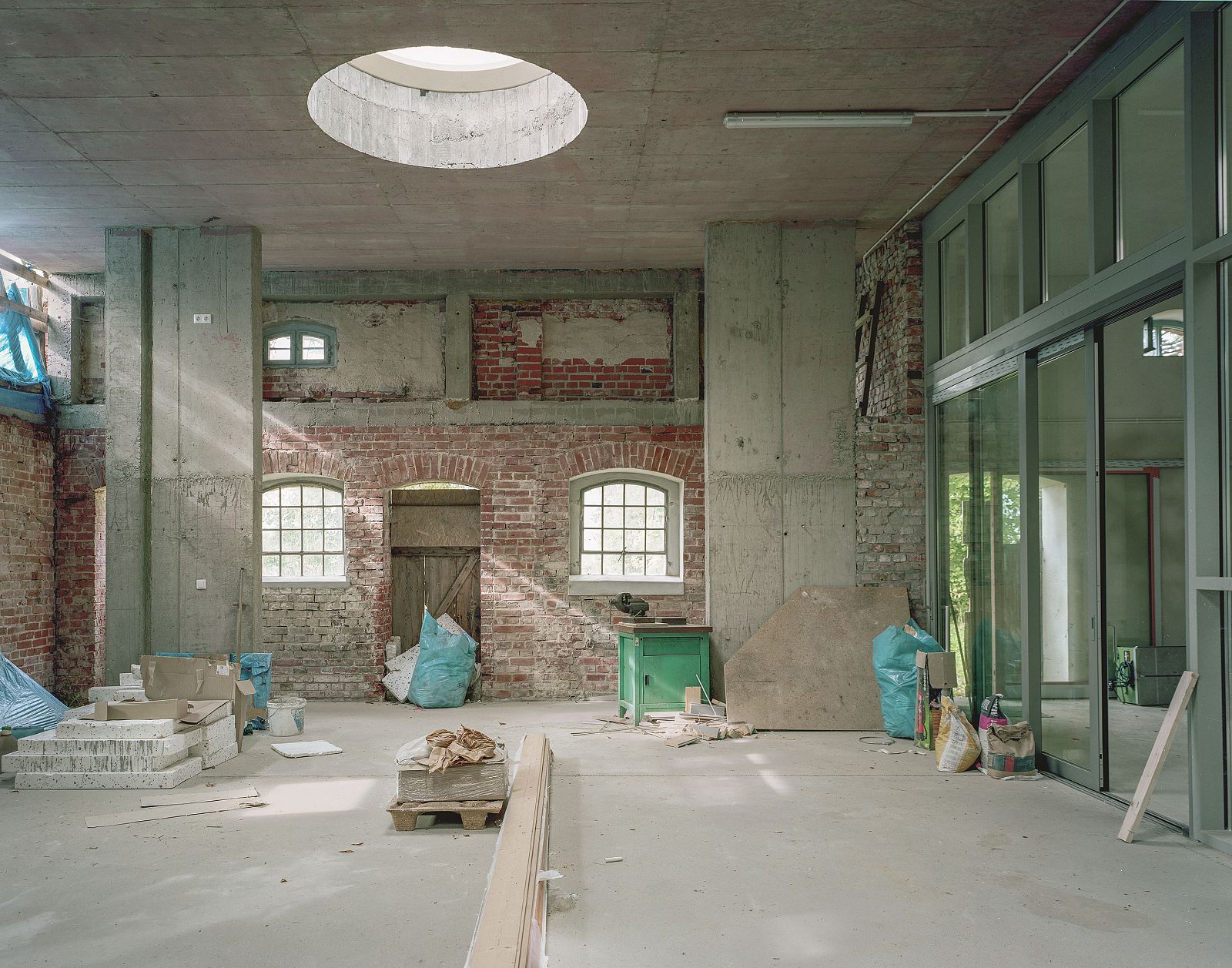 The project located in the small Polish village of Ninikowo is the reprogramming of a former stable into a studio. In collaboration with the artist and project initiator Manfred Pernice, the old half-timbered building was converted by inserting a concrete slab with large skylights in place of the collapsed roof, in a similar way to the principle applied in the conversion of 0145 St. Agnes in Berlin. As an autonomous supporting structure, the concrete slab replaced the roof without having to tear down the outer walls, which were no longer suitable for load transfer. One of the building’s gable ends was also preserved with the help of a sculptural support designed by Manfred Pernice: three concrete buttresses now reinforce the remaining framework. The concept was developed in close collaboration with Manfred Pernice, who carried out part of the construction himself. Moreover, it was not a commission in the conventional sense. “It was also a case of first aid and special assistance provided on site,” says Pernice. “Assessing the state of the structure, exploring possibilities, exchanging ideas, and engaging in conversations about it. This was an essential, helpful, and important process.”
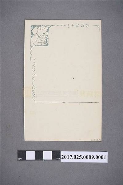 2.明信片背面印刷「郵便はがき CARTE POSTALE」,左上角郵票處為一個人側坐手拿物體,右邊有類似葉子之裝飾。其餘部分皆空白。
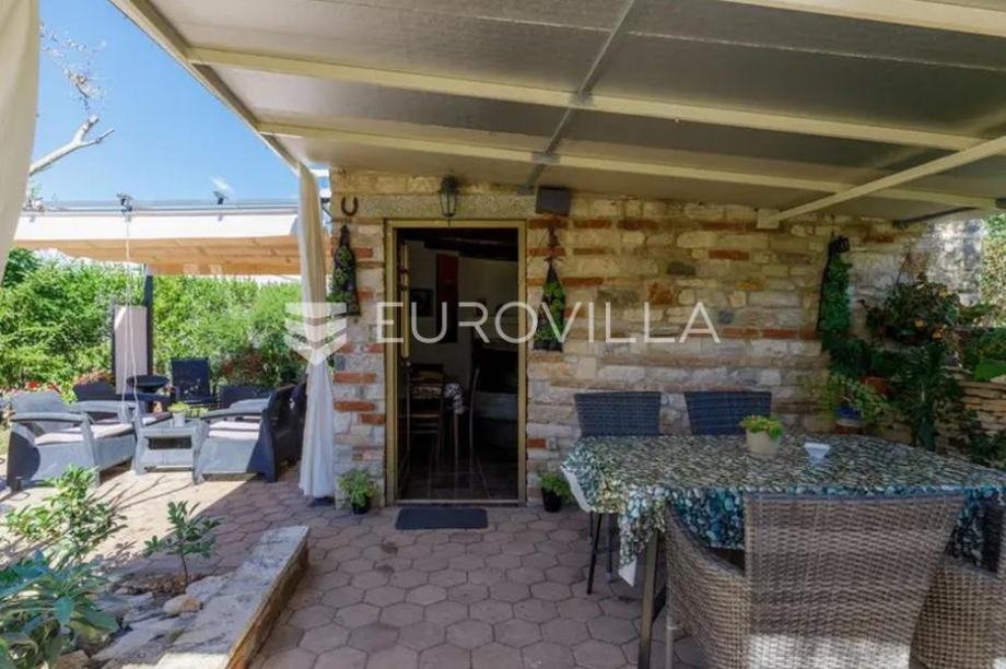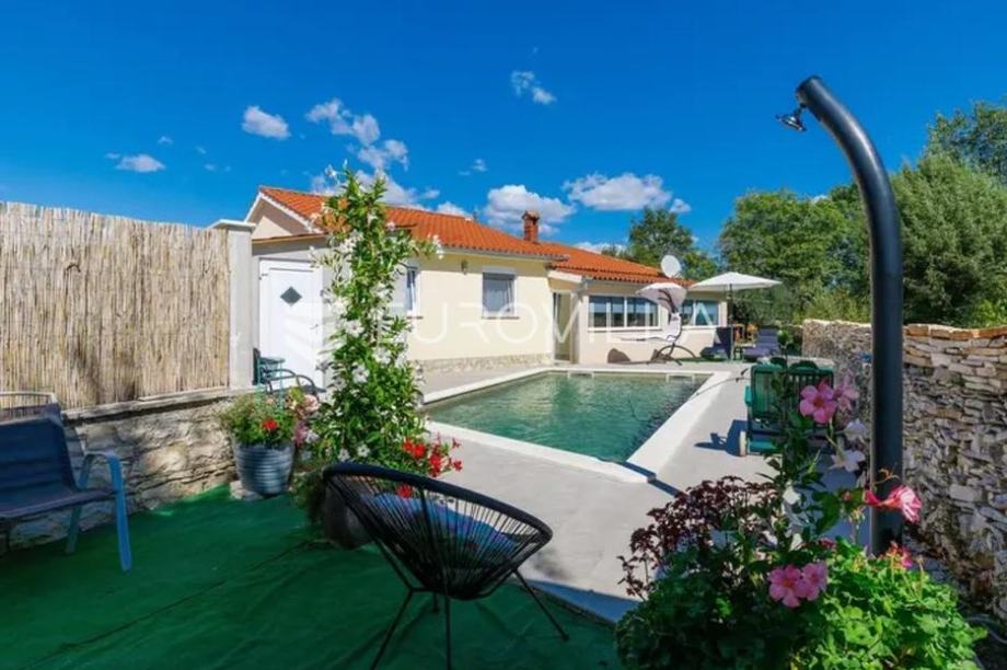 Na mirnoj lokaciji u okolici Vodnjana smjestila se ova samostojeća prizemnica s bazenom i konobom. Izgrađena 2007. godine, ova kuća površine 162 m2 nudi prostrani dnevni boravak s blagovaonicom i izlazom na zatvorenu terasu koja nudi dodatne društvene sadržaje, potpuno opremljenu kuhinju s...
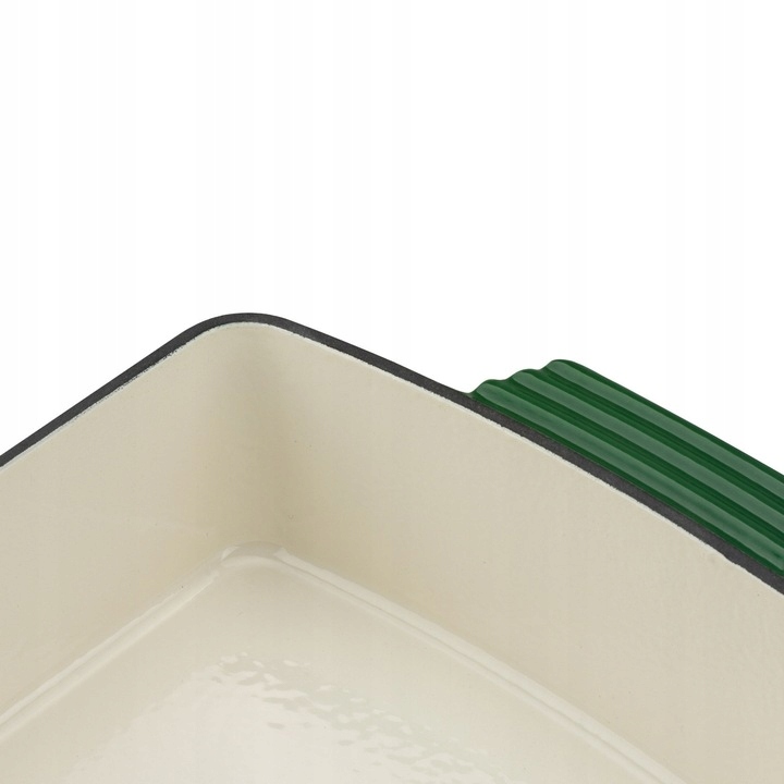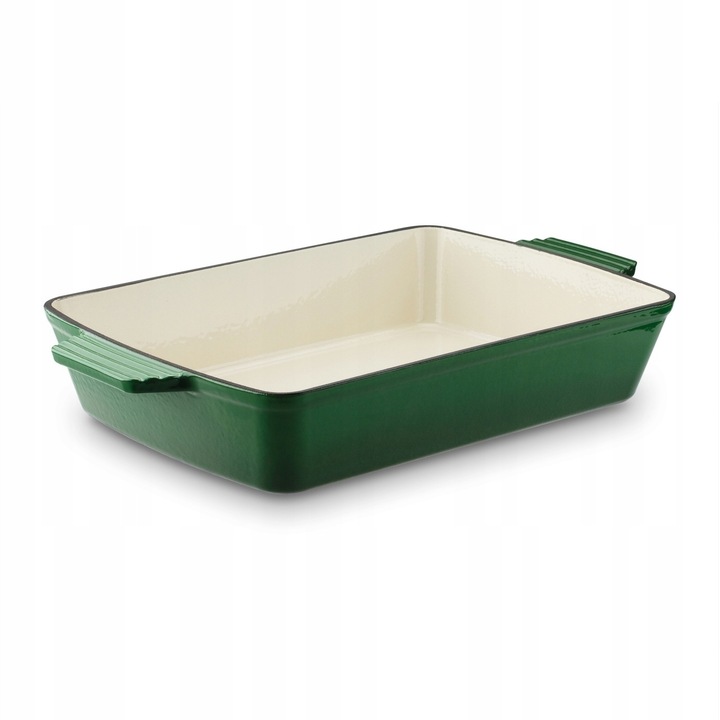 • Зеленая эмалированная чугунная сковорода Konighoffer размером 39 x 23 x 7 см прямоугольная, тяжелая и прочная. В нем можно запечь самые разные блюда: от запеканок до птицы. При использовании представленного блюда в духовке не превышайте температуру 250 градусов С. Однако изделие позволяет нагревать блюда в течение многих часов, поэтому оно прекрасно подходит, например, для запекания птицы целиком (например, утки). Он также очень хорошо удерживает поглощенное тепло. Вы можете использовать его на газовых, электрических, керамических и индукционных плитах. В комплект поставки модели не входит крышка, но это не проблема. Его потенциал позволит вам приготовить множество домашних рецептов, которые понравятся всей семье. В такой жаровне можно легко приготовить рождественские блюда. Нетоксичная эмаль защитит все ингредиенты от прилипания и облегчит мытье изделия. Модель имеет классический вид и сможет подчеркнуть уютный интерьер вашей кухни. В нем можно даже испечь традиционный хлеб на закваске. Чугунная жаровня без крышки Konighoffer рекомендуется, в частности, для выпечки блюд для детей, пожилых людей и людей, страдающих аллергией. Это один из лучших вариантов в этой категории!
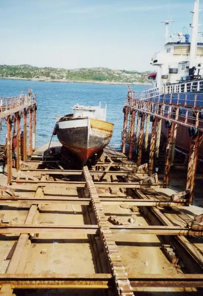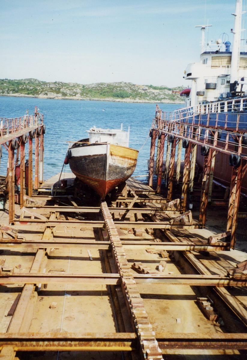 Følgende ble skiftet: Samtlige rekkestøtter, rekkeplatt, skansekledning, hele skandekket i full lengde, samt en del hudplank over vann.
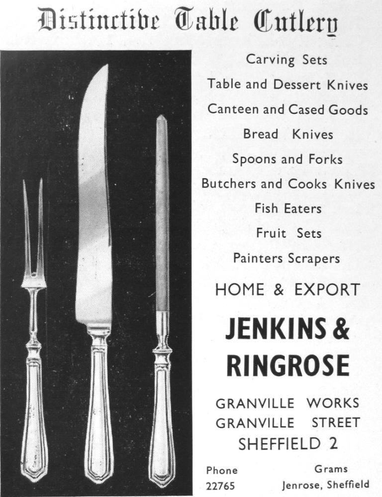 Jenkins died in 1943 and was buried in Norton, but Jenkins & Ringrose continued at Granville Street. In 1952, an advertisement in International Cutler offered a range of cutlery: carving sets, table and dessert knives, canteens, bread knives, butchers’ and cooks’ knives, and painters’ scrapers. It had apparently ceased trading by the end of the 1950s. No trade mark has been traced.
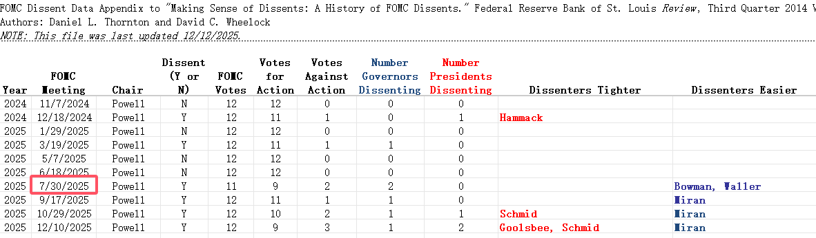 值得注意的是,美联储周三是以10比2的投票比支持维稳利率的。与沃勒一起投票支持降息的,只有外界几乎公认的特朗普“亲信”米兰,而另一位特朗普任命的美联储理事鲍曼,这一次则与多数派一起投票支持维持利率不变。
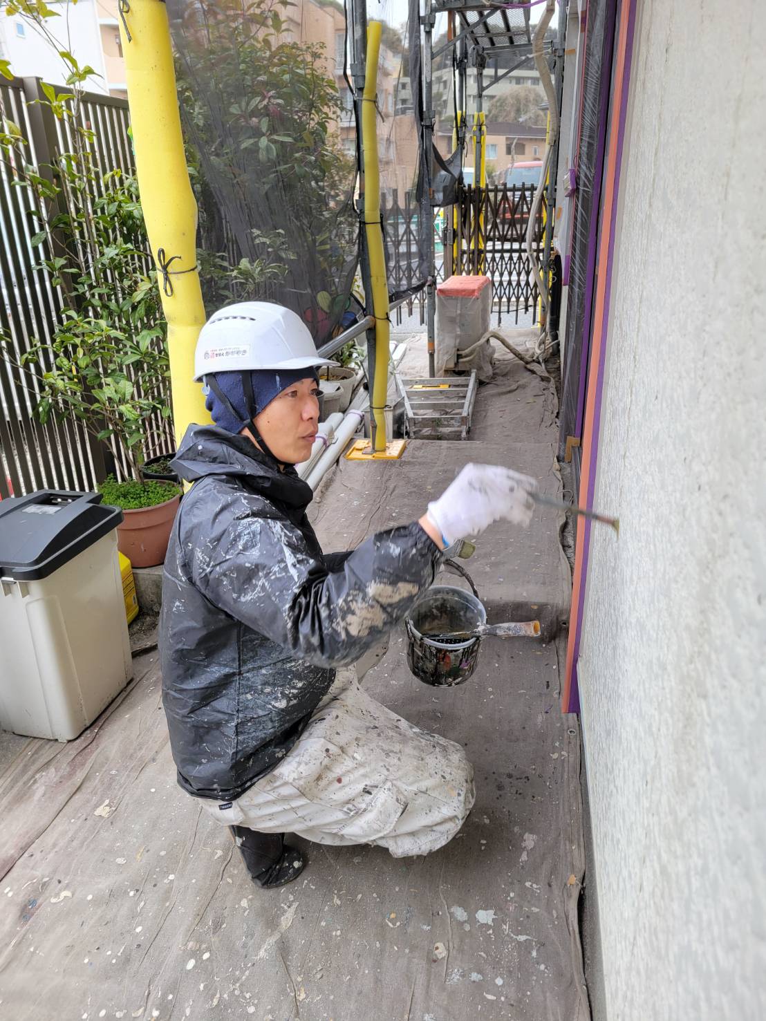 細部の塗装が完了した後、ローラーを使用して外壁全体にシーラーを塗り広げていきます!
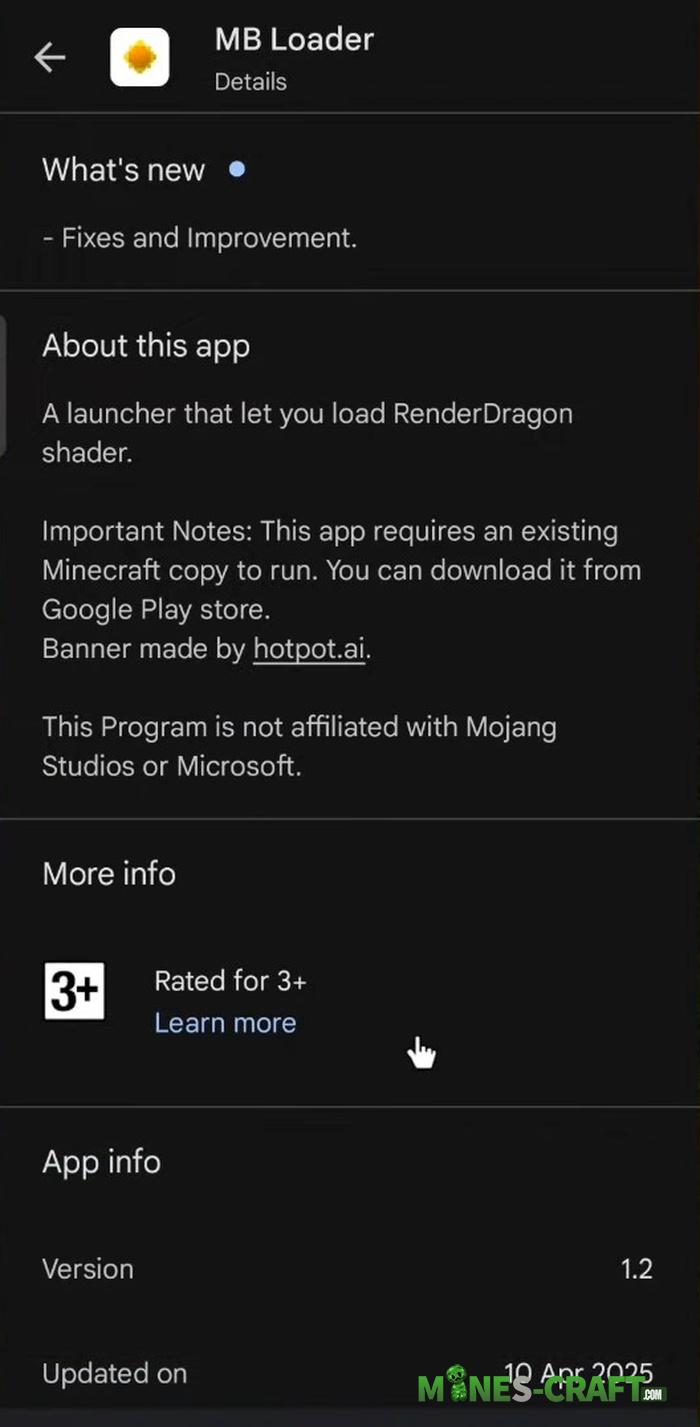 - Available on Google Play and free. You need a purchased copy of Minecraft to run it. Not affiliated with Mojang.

·····

* **Problem details**: The required response consists solely of the lines from the line containing "值得注意的是,美联储周三是以" through the end of the listing, both ends included, copied exactly without pictures.

* **Written response**:
 值得注意的是,美联储周三是以10比2的投票比支持维稳利率的。与沃勒一起投票支持降息的,只有外界几乎公认的特朗普“亲信”米兰,而另一位特朗普任命的美联储理事鲍曼,这一次则与多数派一起投票支持维持利率不变。
 細部の塗装が完了した後、ローラーを使用して外壁全体にシーラーを塗り広げていきます!
 - Available on Google Play and free. You need a purchased copy of Minecraft to run it. Not affiliated with Mojang.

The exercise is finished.